Шрифт:
Интервал:
Закладка:
— Не успею я.
— Подбери помощников. Совет класса. Можно даже утвердить на собрании…
— Да чего утверждать? Горохову — за график, милиционера — за посещаемость. Он не пропускает.
— Удобно ли? Пожилой человек.
— Ничего. Тут он ученик. Пускай меньше спит.
— Газету кто будет оформлять?
— Столяров. Сделает такую доску. Я уж думала…
«Эге! Да тут, оказывается, стопроцентное попадание. В десятку!» — подумал я и спросил:
— Ну, а как будем посещаемость налаживать?
— Вот видите, и вы «нукаете», — усмехнулась (второй раз!). — Ну, в общем… Ой, опять!.. В общем, так: класс надо разбить на пятерки, на группы, в каждой поставить ответственного, и с него — три шкуры… Чтобы знал все. С камвольного надо Задорину, у продавщиц — Осокину, у ребят из пэтэу — Фаттахова. Они близко живут…

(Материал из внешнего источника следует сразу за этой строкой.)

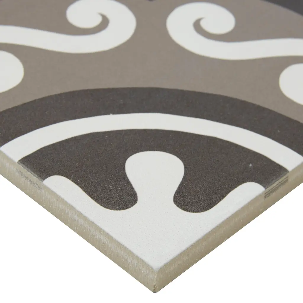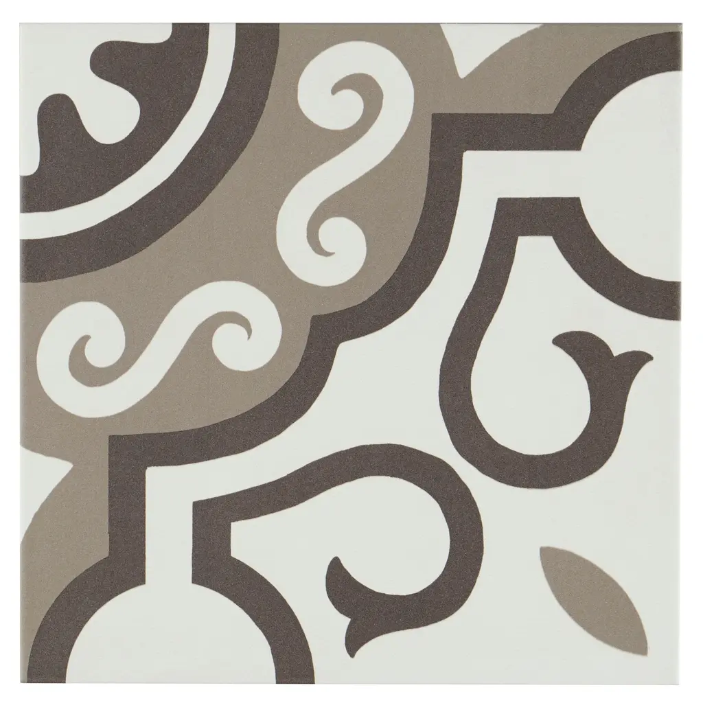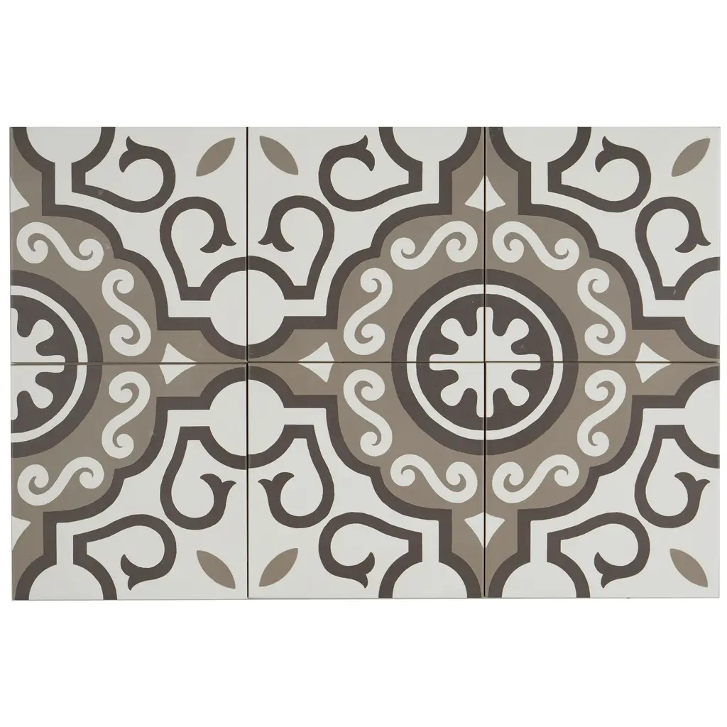 Add character to your walls or floors with these handmade porcelain decorative tiles, inspired by the timeless look of cement tiles. The unique pattern of white and brown adds texture and visual interest to any space. With 24 tiles per carton, covering over 10 square feet, you can create a stunning feature in any room.Features:

«Все верно, молодец!» — про себя одобрил я Чуркину, с уважением уже вглядываюсь в ее деловое лицо.
— Нечесова с Орловым куда?
— А выгнать их обоих, и всё… Толку-то? Ну… Нечесова, может, оставить. Я его на себя беру. А с Орловым решайте. Выгнать его надо. Его не воспитаешь. Он тут все портит. Всех. Учиться все равно не учится. Даже книжек не носит… Из-за Лидки ходит…
— Из-за кого?
— Из-за Гороховой. А вы не знали?
— Не думал… Не замечал вроде.
— А вы поглядите, побудьте в классе. Проходу ей не дает. Она ревет от него… Да вообще из-за нее все с ума посходили. Милиционер и тот смотрит. Вот счастливая!..

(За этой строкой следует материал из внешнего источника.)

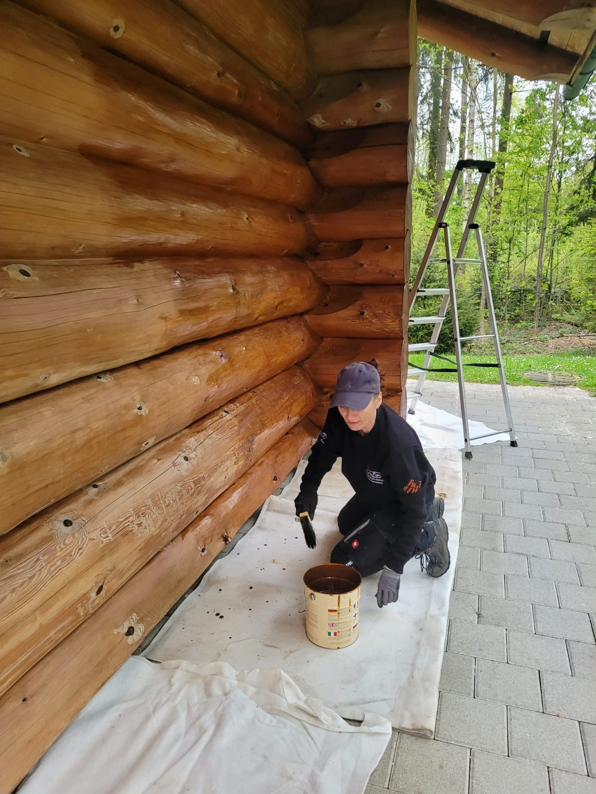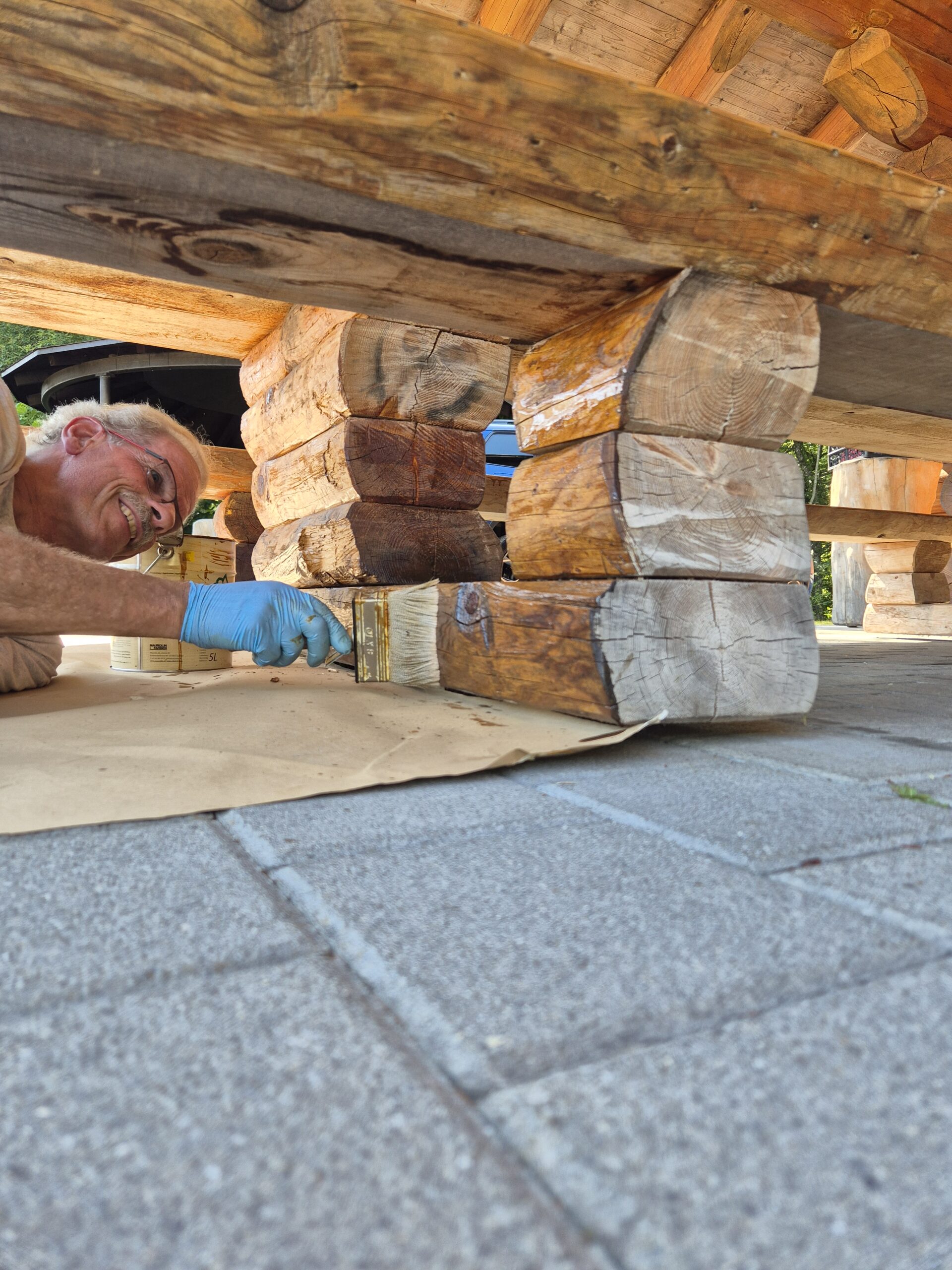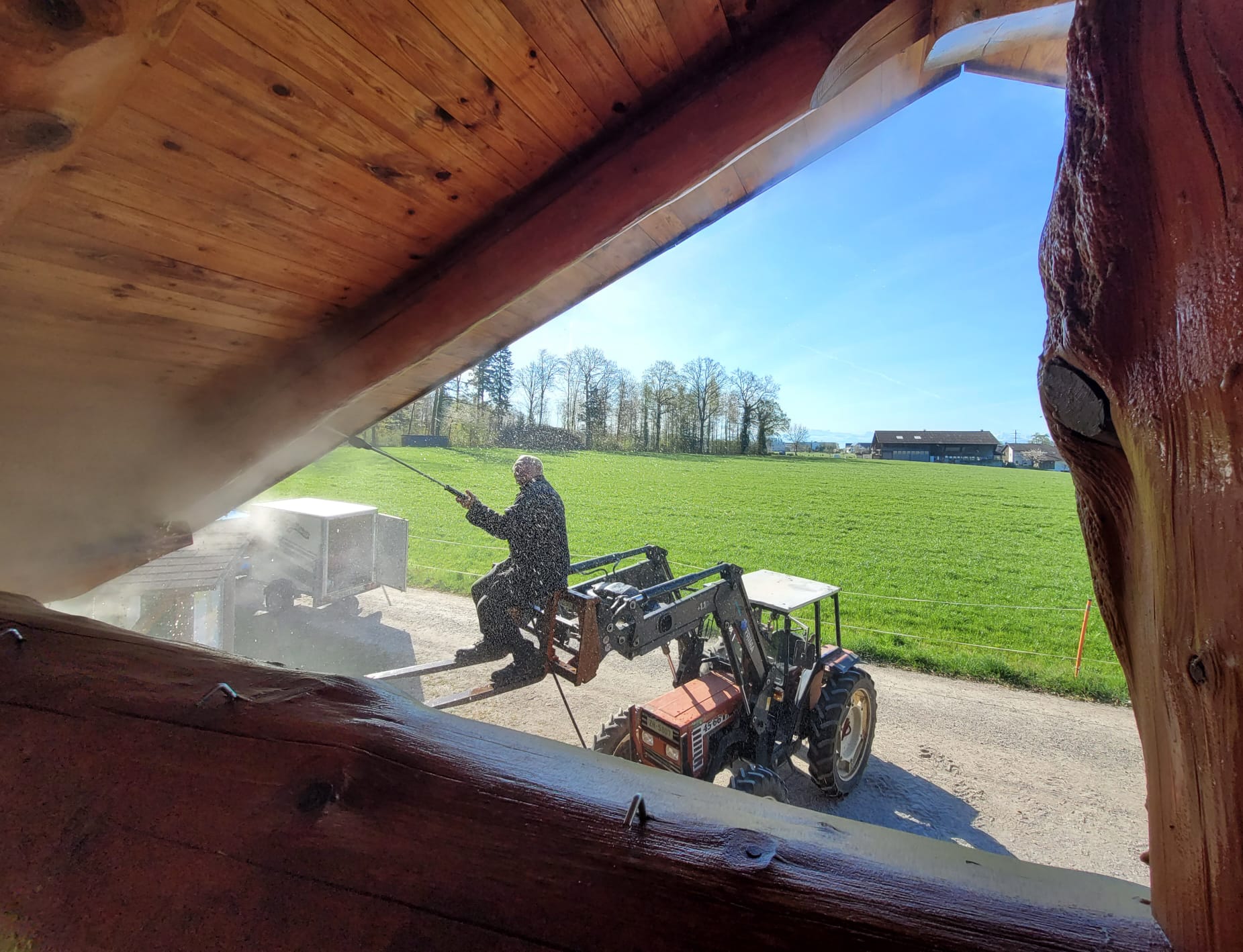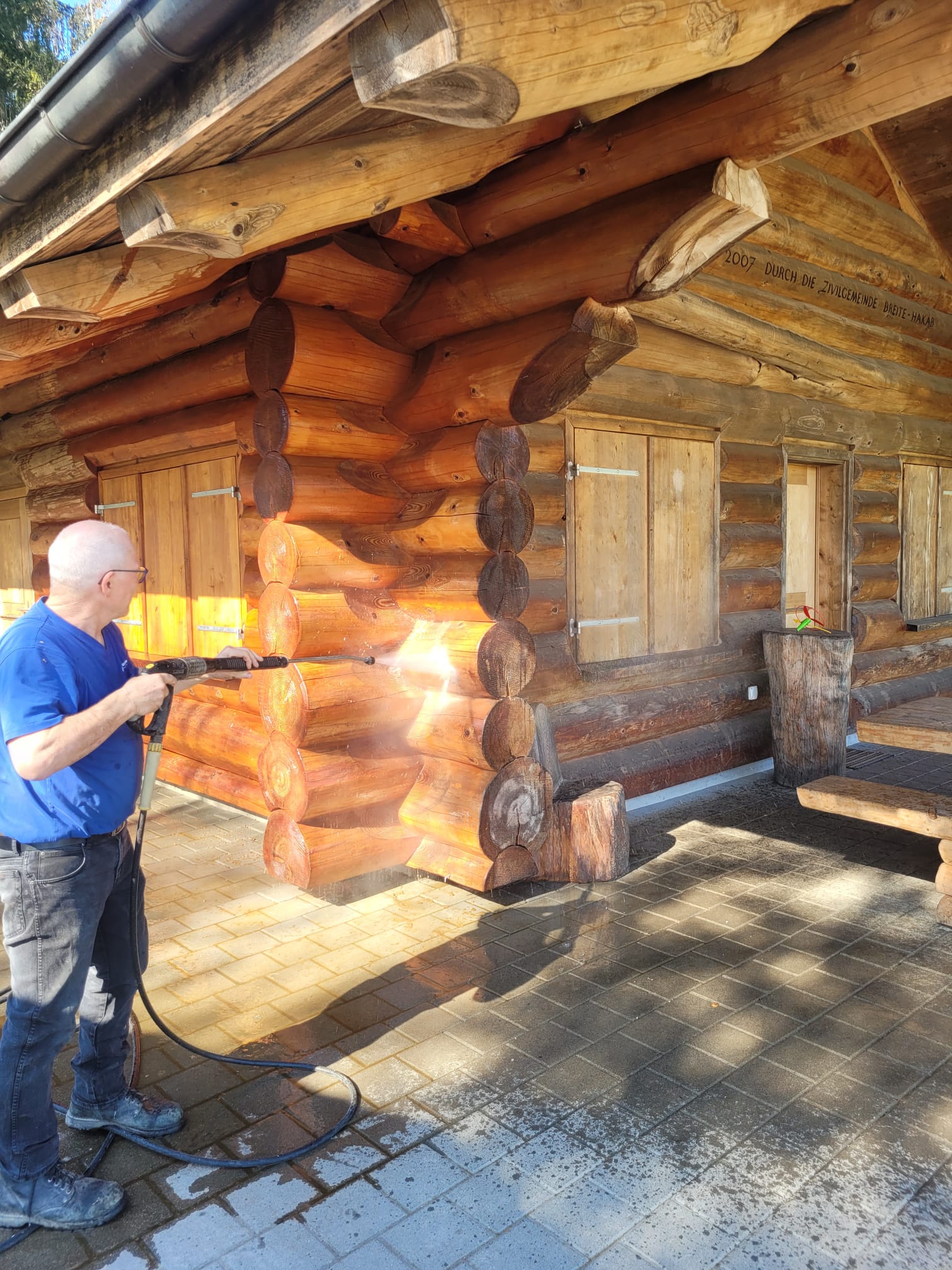 Neben dem Holzaufrüsten wurde für einen besseren Rauchabzug bei der Feuerstelle……

— Завидуешь? Зависть в себе всегда надо подавлять. Всегда. Запомни. Да и чему завидовать-то? Орлов любит…
— Да он и не любит… Так просто… Красивая она.
— Ты же тоже красивая, — сказал я как-то неожиданно, необдуманно.
— Вот еще! Выдумали! — потемнела Чуркина. — Какая я… Я? Только всю жизнь пальцами тычут. Лапают. Бочка! Дерево! Чурбан! Фамилия даже — как в насмешку… Меня и замуж никто не возьмет, — вдруг быстро сказала она и, отвернувшись, заплакала, закрывшись руками и всхлипывая, как маленькая девочка.
— Чуркина! Ты что? Тоня! — растерялся я, оторопело глядя в широкую покатую спину в полосатом джемпере.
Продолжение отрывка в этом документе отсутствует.